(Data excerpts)
· · · · · · ·

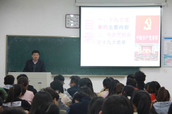 首先,王书记对十九大党章的主要内容进行介绍,并从确定了习近平新时代中国特色社会主义思想的历史地位、完善了中国特色社会主义的内容、充实了初级阶段的理论、修改了关于党的基础路线的描述、增写了十八大以来治国理政新经验、充实了党建设的内容六个方面详细解读了十九大新修订党章与十八大修订后党章的不同。随后,他讲解了合格党员应具备的标准,着重强调了要树立四种意识,严守党纪国法、坚持党的宗旨、保持清正廉洁、敢于善于担当作为。最后,王书记表示,希望在座的员工都能肩负起新时代的责任,深入学习十九大精神,深入学习党章,做一名合格的共产党员。
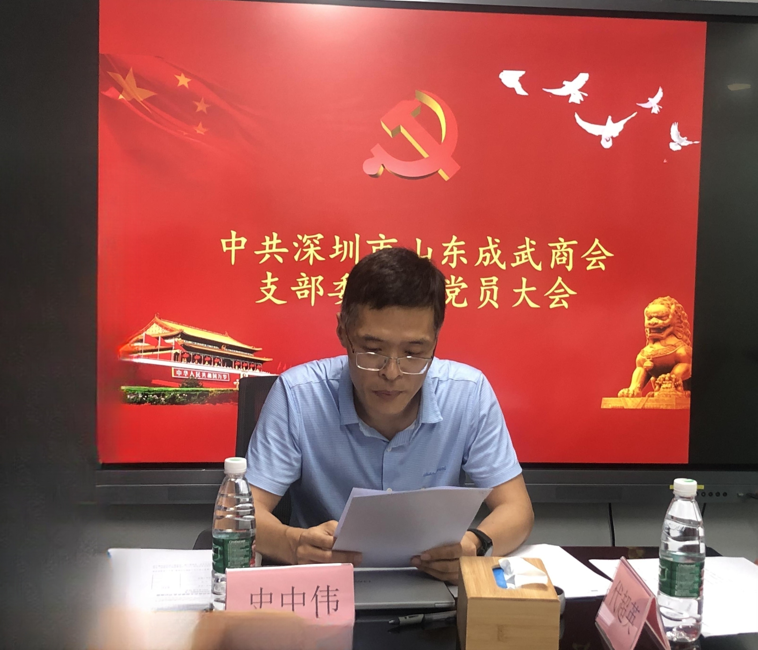 深圳市山東商會(huì)黨委黨辦主任張含增同志宣讀《深圳市山東商會(huì)黨委關(guān)于成立中共深圳市山東成武商會(huì)支部委員會(huì)的批復(fù)》。
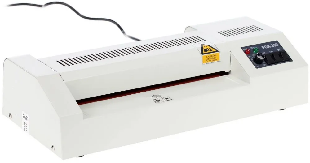 FGK-260 — пакетный ламинатор от компании PingDa. Предназначен для ламинирования печатной продукции до формата А4 включительно. Регулировка температуры, реверс, металлический корпус, четыре вала (два из них с внешним нагревом), работает со всеми толщинами пленок. Это модель для офисов и организаций со средним объемом работ.
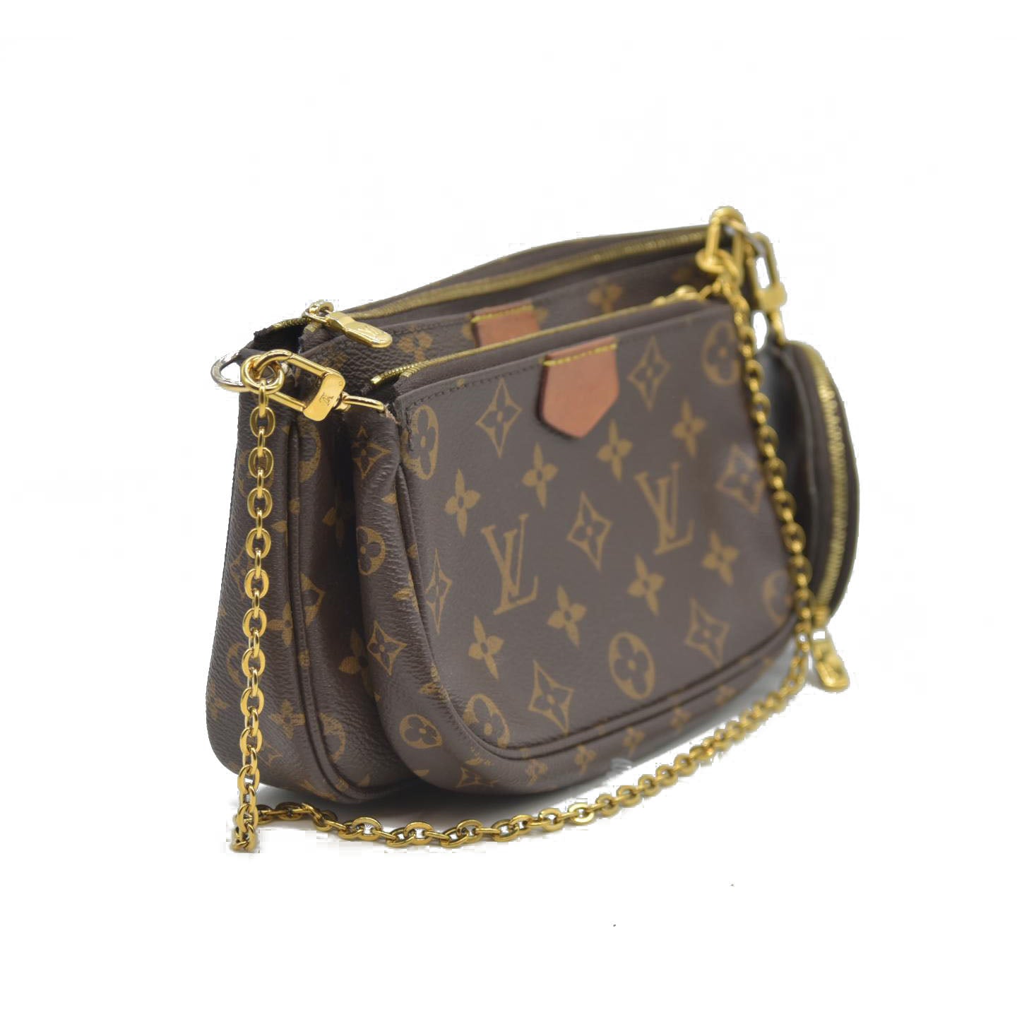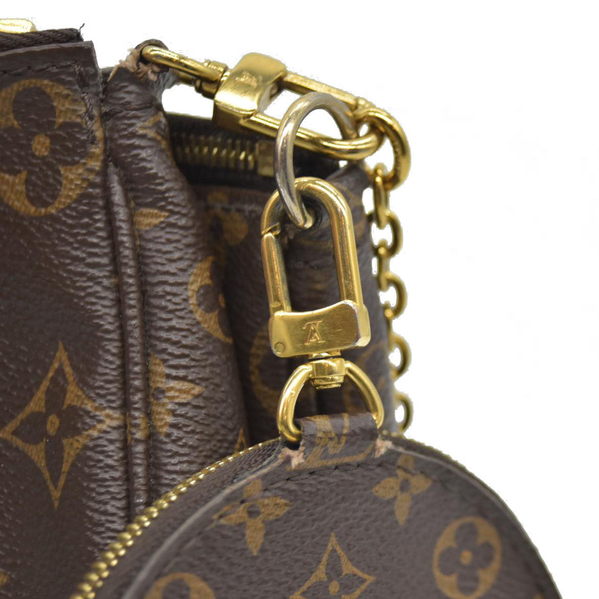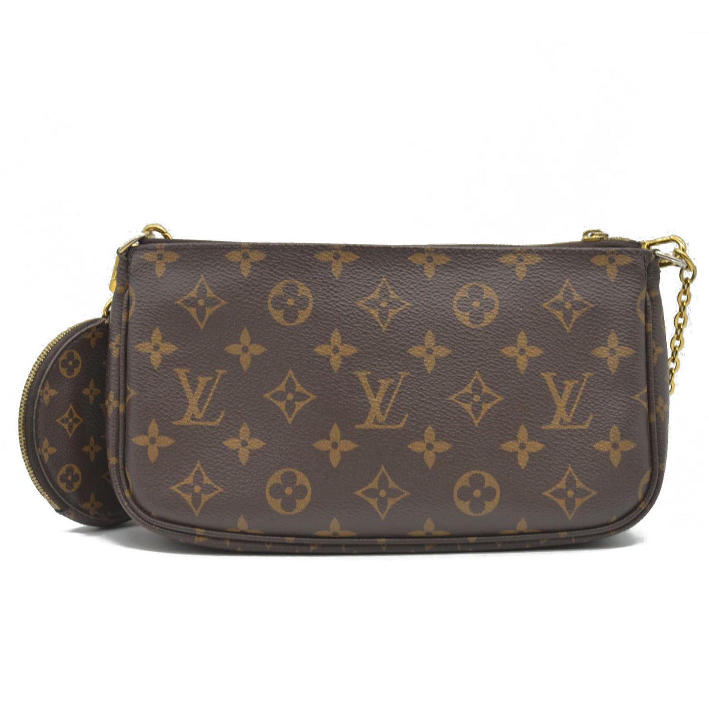 This is an authentic LOUIS VUITTON Monogram Multi Pochette Accessories in Kaki. This Multi Pochette Accessoires is a hybrid cross-body bag with multiple pockets and compartments that brings together a Pochette, a Mini Pochette and a Round Coin Purse. It is crafted of monogram canvas with mini monogram pattern on the sides of the pochettes including the coin purse, gold hardware and a removable khaki canvas strap.
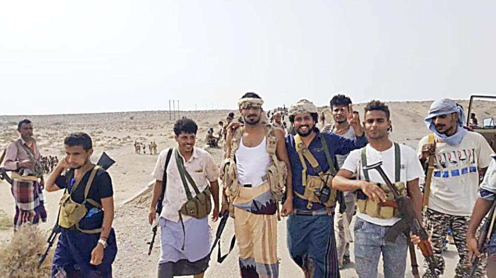 أفراد من المقاومة أثناء التقدم في مديرية التحيتا أمس. (إعلام الجيش)
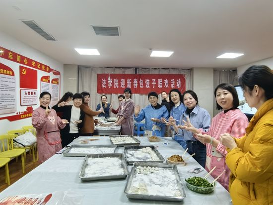 为迎接新年到来,丰富教职工的业余生活,12月29日晚,法学院分工会举行“迎新春· 包饺子”联欢活动,全体教职工欢聚一堂,共同庆祝新年的到来。
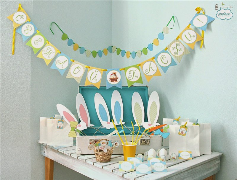 - Гирлянды. Их сделать очень просто и достаточно быстро. Необходимо вырезать одинаковые элементы из цветной и дизайнерской бумаги. Растяжки могут быть с яйцами, зайчиками, цыплятами, курочками, скворечниками, цветочками. Растяжку можно также сделать из разноцветных ярких ленточек, навязанных на веревочку;
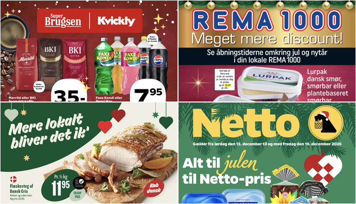 SuperBrugsen tilbyder Merrild eller BKI formalet kaffe i flere varianter til en pris af 35 kr. pr. pose. Tilbuddet gælder fra fredag den 12. december til torsdag den 18. december 2025.
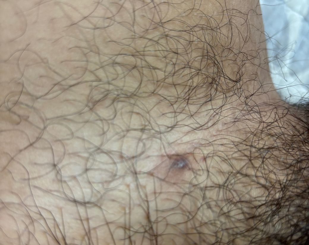 모낭염같은 염증이 생겼다가 상처 관리가 잘 안되면서 염증이 생기고 착색이 되어 색이 변한 상태로 보입니다.
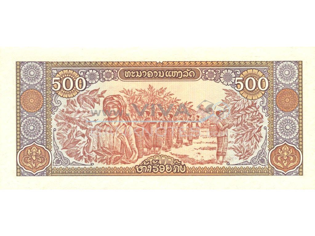 500 Kip 1988 UNC. Dark brown, purple and deep blue on multicolor underprint. Modern irrigation systems at center, arms above. Back: Harvesting fruit at center. Watermark: Stars, hammer and sickles. 150x70mm
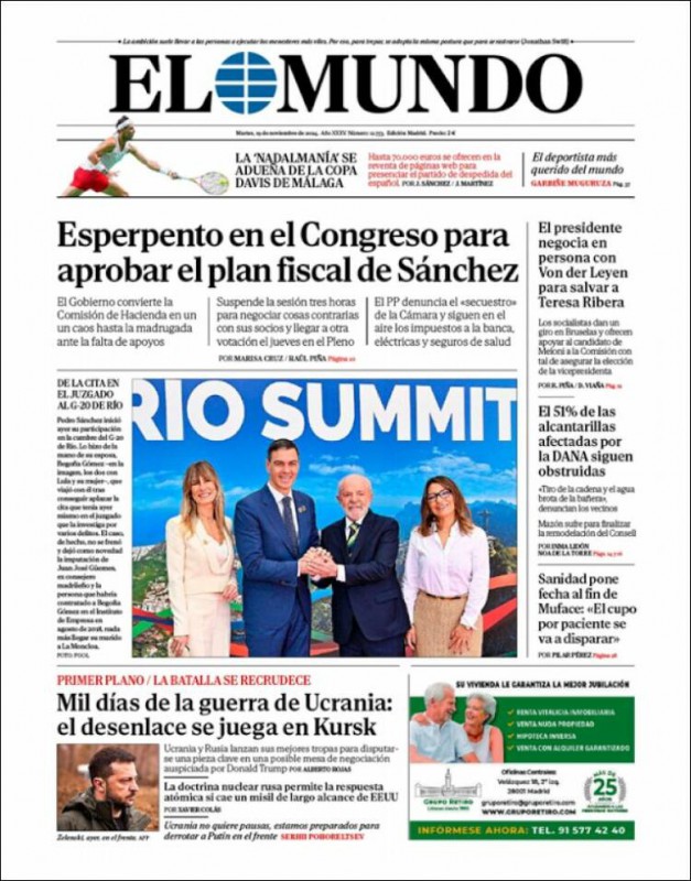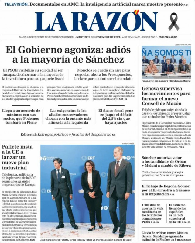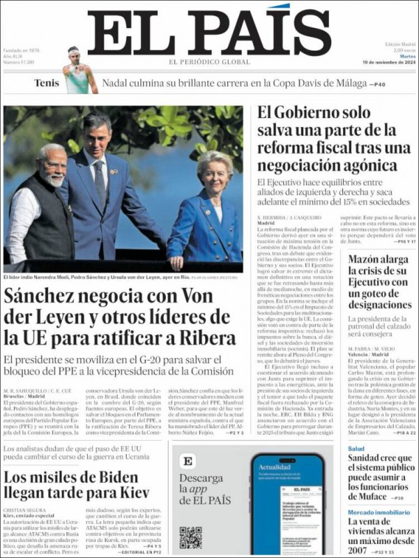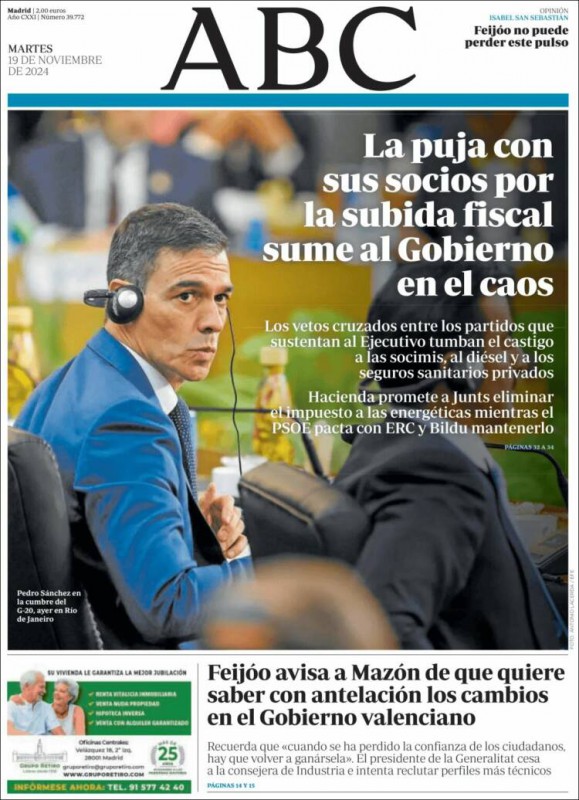 Las portadas de los periódicos de este martes, 19 de noviembre
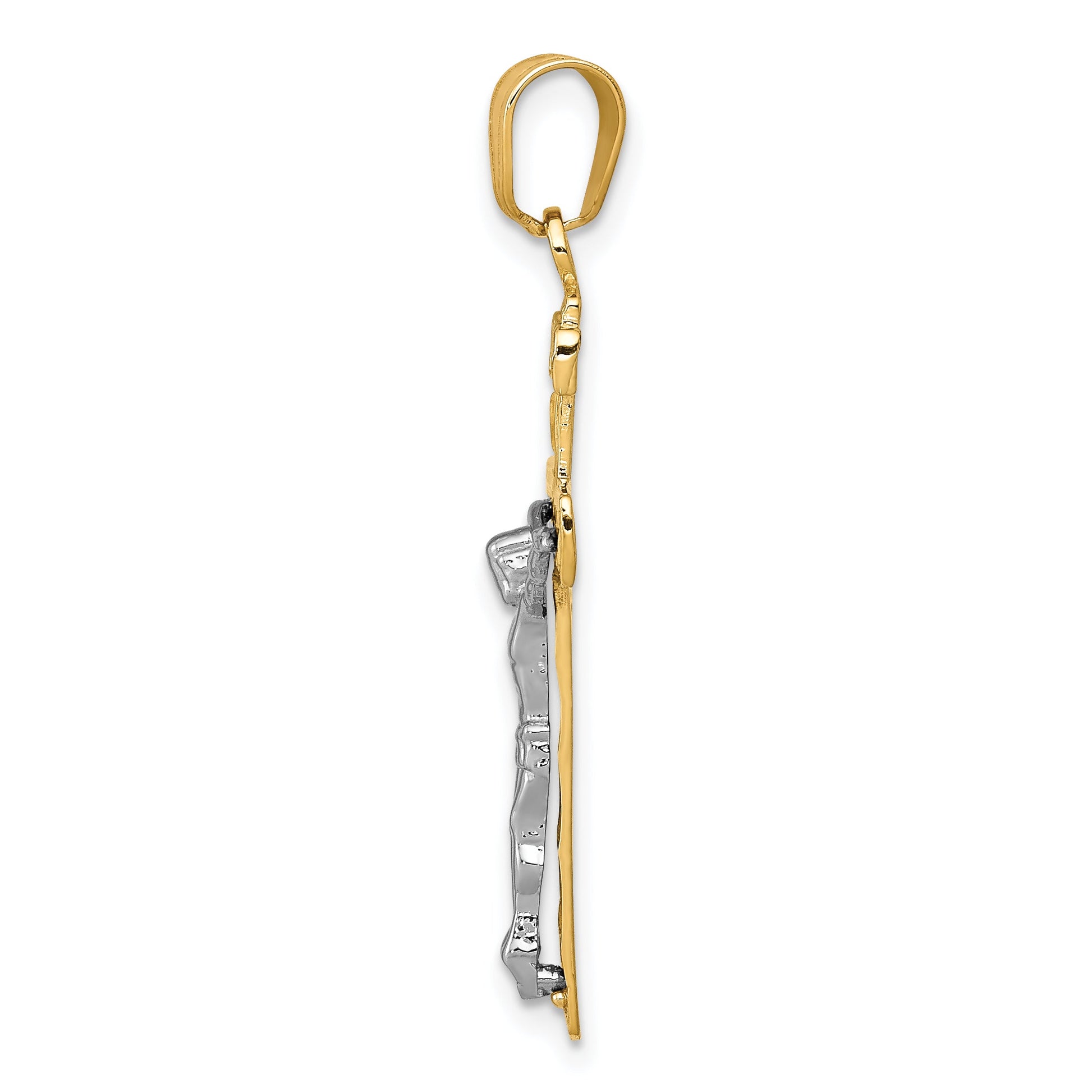 Discover elegance with our 14K Two-Tone Diamond-Cut Lattice Cross with Crucifix Pendant. Crafted from high-quality 14K gold, this stunning piece showcases a polished finish, adding a rich luster. Measuring 33mm in length and 16mm in width, this pendant deftly balances intricate design elements. The diamond-cut lattice texture enhances its classic appeal, while the two-tone color lends a modern twist. Ideal for both daily wear and special occasions, the 14K Two-Tone Diamond-Cut Lattice Cross with Crucifix Pendant makes a captivating addition to any fine jewelry collection.
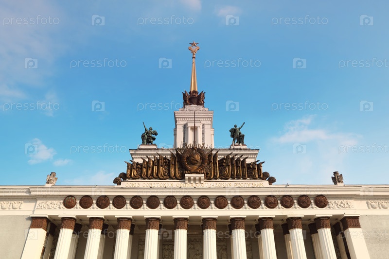 МОСКВА - 15 МАЯ: верх главного выставочного зала с республикой СССР
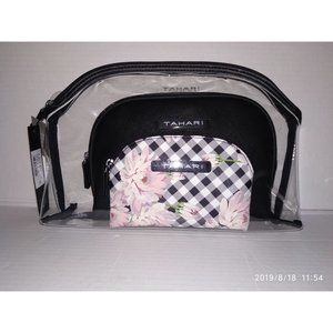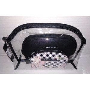 Set of 3 cosmetics bags by Tahari new with tags and includes bonus travel bottle
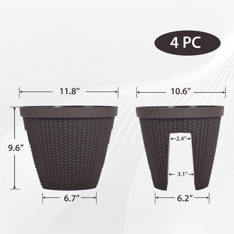 BPS 12'' Balcony Rattan Pattern Railing Planter Box with Drainage Holes and Adjustable Brackets for Outdoor Garden Patio,Deck,Fence Set of 4 - Brown
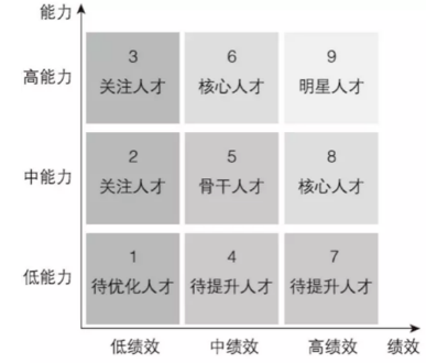 無論個人還是組織,提升能力的終極目標(biāo)都是為了超越自我,實現(xiàn)目標(biāo),因此高能力一定要轉(zhuǎn)化為高績效。每年我們都會做人才盤點(diǎn),其作用之一就是要識別出不同能力和績效表現(xiàn)的同事。下圖九宮格是人才盤點(diǎn)所使用的工具之一,其中9號區(qū)域的就是人見人愛又省心的“明星員工”。對于4號、7號區(qū)域的同事需要提升其能力,而對于2號、3號區(qū)域的同事則要特別關(guān)注,為什么他們的高能力沒有轉(zhuǎn)化為高績效?是人崗配置不合適嗎?是組織流程阻礙了個人價值發(fā)揮嗎?還是沒有點(diǎn)燃他們內(nèi)心的工作激情?
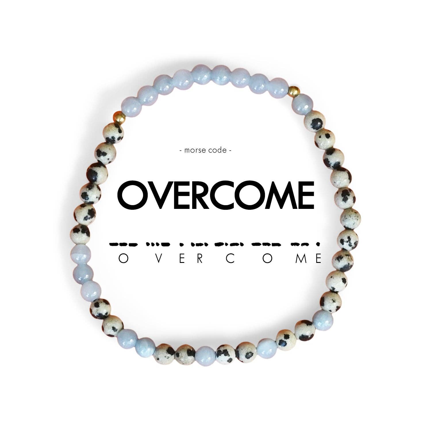 OVERCOME Stay in the fight. This bracelet spells OVERCOME in Morse Code in our classic 4mm beads! We all face obstacles in our lives. This bracelet is a perfect reminder to keep fighting, you can and will overcome! We’d love to hear what your jewelry means to you. Share your story and photos with us! @ethicgoods How to read your jewelry: A Morse Code dot is one bead and a dash is two beads in the alternating color. Start at the small gold spacer bead and follow the Morse Code spelling around the bracelet! Details * Length - 7.75" | Stretches to 8.5" * Handmade in Thailand by women who are survivors of human trafficking * Made with semi-precious stones, glass beads, elastic, and love.  * Decode it: a dot is one bead, a dash is two beads!
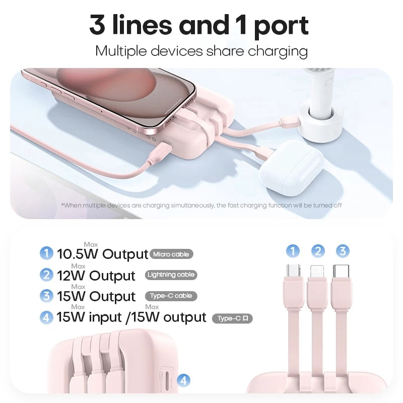 - 3 Built-in Micro USB/Lightning/Type-C
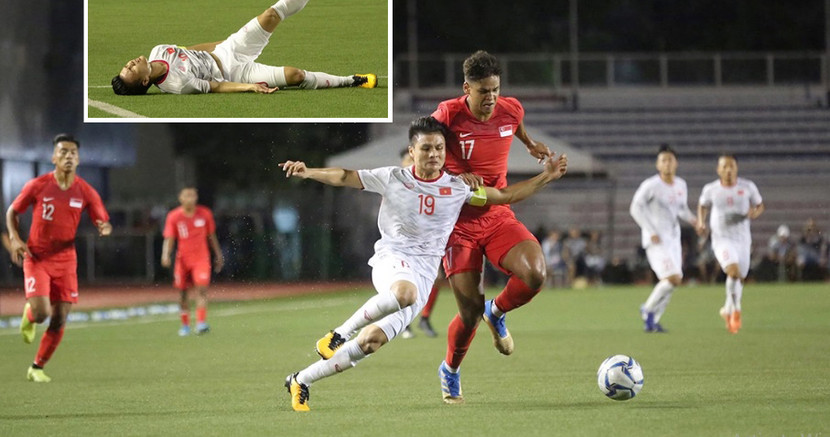 Phút 18 trận U22 Việt Nam gặp U22 Singapore tối 3-12, sau pha tranh chấp bóng cùng đội trưởng đối phương là Irfan Fandi, Quang Hải đã nằm sân đau đớn. Ngay lập tức, anh được HLV Park Hang-seo cho ra nghỉ (Hùng Dũng vào thay).
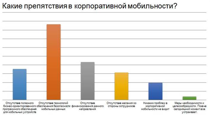 Однако подавляющее большинство респондентов на вопрос «Какие препятствия в корпоративной мобильности?» отметили отсутствие достаточного числа технологий обеспечения безопасности мобильных данных. ( рис 2)
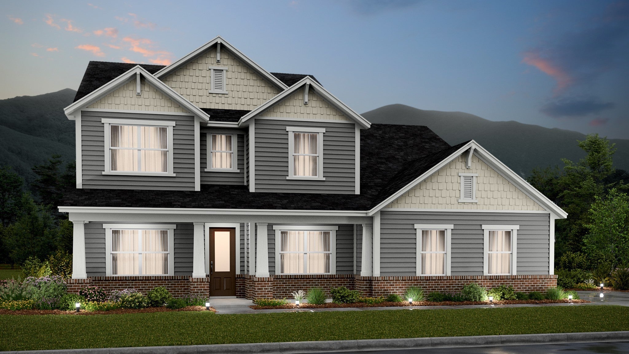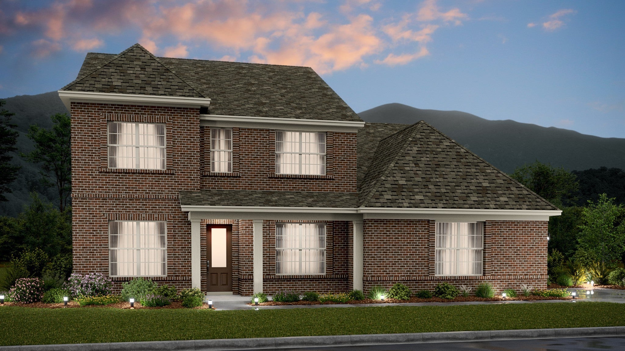 The first floor of this two-story home shares an open layout between the kitchen, nook and family room for easy entertaining and access to the patio for outdoor lounging. A more formal dining room is at the front of the home for dinner parties and a study to work from home. Two bedrooms are on the first floor, including a luxe owner's suite and a secondary bedroom, ideal for overnight guests. Upstairs are three secondary bedrooms, a versatile game room and a media room for added living space. *Images from a furnished model of this home. Actual configuration and features may vary.

· · · · · · ·

**What you will do:** Would you restate, exactly and with no pictures, the lines of the entries above from the one containing "SuperBrugsen tilbyder Merrild" through the one containing "모낭염같은 염증이 생겼다가"?

**Result:**
 SuperBrugsen tilbyder Merrild eller BKI formalet kaffe i flere varianter til en pris af 35 kr. pr. pose. Tilbuddet gælder fra fredag den 12. december til torsdag den 18. december 2025.
 모낭염같은 염증이 생겼다가 상처 관리가 잘 안되면서 염증이 생기고 착색이 되어 색이 변한 상태로 보입니다.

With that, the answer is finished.